* WORK TASK
Look below for the line containing "秋装新款灯芯绒 连衣裙女洋气收腰灯笼袖淑女A字裙子宽松长裙"; from there through the line containing "The RI Hiking", both lines included, please set down each line exactly and nothing else.
________________________
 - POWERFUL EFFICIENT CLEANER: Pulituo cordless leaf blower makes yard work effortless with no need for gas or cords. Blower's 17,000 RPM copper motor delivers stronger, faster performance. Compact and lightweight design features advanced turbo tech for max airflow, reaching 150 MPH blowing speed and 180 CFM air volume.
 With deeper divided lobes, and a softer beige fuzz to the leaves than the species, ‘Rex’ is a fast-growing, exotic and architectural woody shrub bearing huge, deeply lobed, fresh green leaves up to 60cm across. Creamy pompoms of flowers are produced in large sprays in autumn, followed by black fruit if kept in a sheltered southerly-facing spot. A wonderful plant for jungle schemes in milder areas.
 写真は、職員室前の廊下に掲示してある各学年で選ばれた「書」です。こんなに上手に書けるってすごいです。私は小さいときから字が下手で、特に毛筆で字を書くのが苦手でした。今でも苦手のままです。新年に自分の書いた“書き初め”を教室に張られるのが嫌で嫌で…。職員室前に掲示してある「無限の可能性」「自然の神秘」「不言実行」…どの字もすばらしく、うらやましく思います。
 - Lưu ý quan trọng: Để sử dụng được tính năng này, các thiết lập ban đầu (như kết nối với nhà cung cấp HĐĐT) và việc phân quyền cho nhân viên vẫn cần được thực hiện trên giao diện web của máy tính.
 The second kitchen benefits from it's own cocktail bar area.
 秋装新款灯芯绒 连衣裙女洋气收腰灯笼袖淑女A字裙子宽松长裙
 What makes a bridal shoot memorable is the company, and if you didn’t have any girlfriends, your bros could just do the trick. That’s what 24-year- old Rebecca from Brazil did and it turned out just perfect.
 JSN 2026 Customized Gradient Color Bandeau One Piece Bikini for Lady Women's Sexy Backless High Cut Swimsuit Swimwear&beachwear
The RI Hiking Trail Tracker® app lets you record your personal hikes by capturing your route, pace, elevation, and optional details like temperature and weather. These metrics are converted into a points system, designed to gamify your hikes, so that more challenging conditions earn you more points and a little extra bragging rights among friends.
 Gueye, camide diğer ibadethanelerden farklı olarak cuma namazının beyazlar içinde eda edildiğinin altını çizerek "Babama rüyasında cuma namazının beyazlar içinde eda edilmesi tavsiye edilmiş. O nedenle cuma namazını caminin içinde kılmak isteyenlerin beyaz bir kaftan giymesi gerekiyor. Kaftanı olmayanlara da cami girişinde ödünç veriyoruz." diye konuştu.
________________________
* WRITTEN SOLUTION
 秋装新款灯芯绒 连衣裙女洋气收腰灯笼袖淑女A字裙子宽松长裙
 What makes a bridal shoot memorable is the company, and if you didn’t have any girlfriends, your bros could just do the trick. That’s what 24-year- old Rebecca from Brazil did and it turned out just perfect.
 JSN 2026 Customized Gradient Color Bandeau One Piece Bikini for Lady Women's Sexy Backless High Cut Swimsuit Swimwear&beachwear
The RI Hiking Trail Tracker® app lets you record your personal hikes by capturing your route, pace, elevation, and optional details like temperature and weather. These metrics are converted into a points system, designed to gamify your hikes, so that more challenging conditions earn you more points and a little extra bragging rights among friends.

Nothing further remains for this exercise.